Russian Pundits Arbatov And Karaganov Upbeat On G8 Summit Results

File Photo of G8 Heads of State Outdoors in 2013

(RIA Novosti – Moscow, June 19, 2013) The results of the G8 summit, which was held on Monday and Tuesday (17-18 June) in the Northern Irish resort of Lough Erne, despite the absence of global agreements, are generally positive, primarily thanks to the fact that it was possible to avert a serious rift between Russia and the seven remaining members of the forum over how the situation in Syria should be settled, experts believe.

“The talks on Syria, to which so much attention was paid, can be considered a success. It was thought that they would all quarrel with each other, call off the Geneva conference, and would not even adopt a joint communique. Or even worse, the G7 would adopt a communique, but Russia would proudly walk out and say that it disagrees. It proved possible to avert that. They adopted a joint communique of the most amorphous nature, with good intentions. I think that this summit will go down in history as one at which it proved possible to avert a profound rift between Russia and the seven remaining members of that forum,” Aleksey Arbatov, an academician at the Russian Academy of Sciences, told RIA Novosti.

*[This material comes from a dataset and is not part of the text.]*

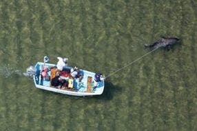 A witness said the shark jumped out of the water to catch a bird but landed on a sand bar and eventually washed up on shore. Rescuers tied a rope to the shark’s tail and pulled it back out to sea.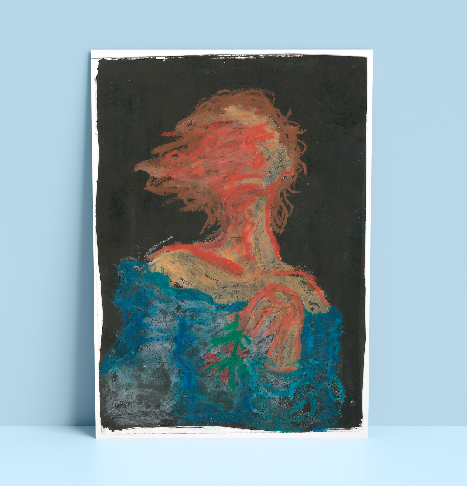 “Minha arte busca experimentar texturas, tanto no digital quanto no tradicional. Exploro diferentes suportes, papéis, madeira e tela, utilizando materiais diversos, desde giz pastel oleoso até tinta acrílica e marcadores. A paleta de cores reflete meu gosto por combinar tons frios e quentes, criando um caos harmonioso que provoca sentimentos e reflexões.”

In the opinion of political analyst Sergey Karaganov, the dean of the world economics and world politics department at the Higher School of Economics national research university, Russian President Vladimir Putin’s different position on the Syrian issue not just demonstrated that Russia is capable of taking punches, but also turned out to be beneficial for everybody. “If Russia had turned (Syrian President Bashar) al-Asad in, we would have got, instead of secular Al-Asad, a civil war and the domination of Al-Qa’idah, which would have been another spit in the West’s face, just as the so-called victory in Libya was a spit in the face,” Karaganov said.

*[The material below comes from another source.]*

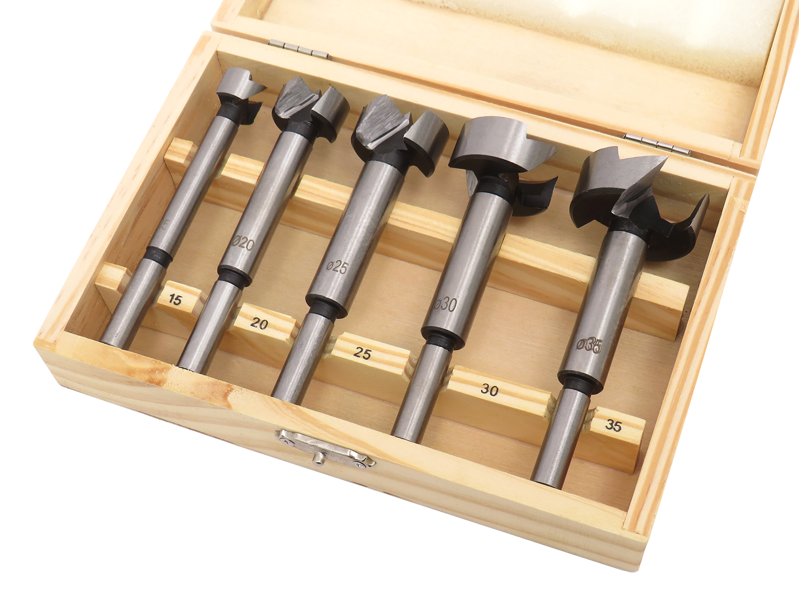 В набір входять фрези розміром: 15, 20, 25, 30, 35 мм. З їх допомогою можна легко просвердлити отвори в дошках, меблевих щитах та інших матеріалах, схожих на деревину.

Resumption of contacts (source subheading)

Previous G8 summits approved grand projects, such as, for example, the global partnership for the prevention of the nuclear threat (Global Partnership Against the Spread of Weapons and Materials of Mass Destruction), under which large sums were allocated and spent on all things concerning the security of nuclear materials and technologies, Arbatov recalled.

“That is in fact what the G8 became famous and went down in history for. At the current summit, many events and contacts were planned. This is generally the resumption of things that were interrupted, including the Nunn-Lugar (Cooperative Threat Reduction) Programme, which, it was decided, would continue. It is a positive step – the resumption of interrupted contacts at various levels, including meetings in the format of foreign and defence ministers, including the resumption of contacts at the level of the Russian prime minister and the US vice-president. All of these are positive shifts, but they should not be overestimated. This is a little step towards returning to the level of cooperation that existed earlier,” the expert said.

Cyber security initiatives (source subheading)

Among the G8’s new initiatives, the experts noted proposals concerning cyber security and the speedy sharing of information in emergencies.

In Karaganov’s opinion, due to the new wave of the technological revolution, many security parameters are changing.

“Cyber attacks may become in some way similar to weapons of mass destruction. Once one country, groups of countries or even third players are capable of bringing down the economy in that way, it will mean mass casualties among civilians and the collapse of modern society,” said Karaganov, who cited the example of China, where some specialists have seriously been discussing the use of a massive cyber attack as a method of deterring a possible attack by the USA.

“We are entering a completely new world, which we do not fully know or understand. That is why the agreement between Putin and Obama on confidence measures in cyberspace may bring us closer to being capable of deterring attacks at least by third players or dealing with their consequences,” Karaganov is convinced.

However, these agreements, as well as the proposals for the speedy sharing of information in emergencies, have largely symbolic significance at present, the experts believe.

“It sounds good, but it is not yet clear what specifically this will lead to. Of course, cooperation against terrorism is an important area, but everything is classified there, so we do not know whether there will be more or less cooperation there,” Arbatov said.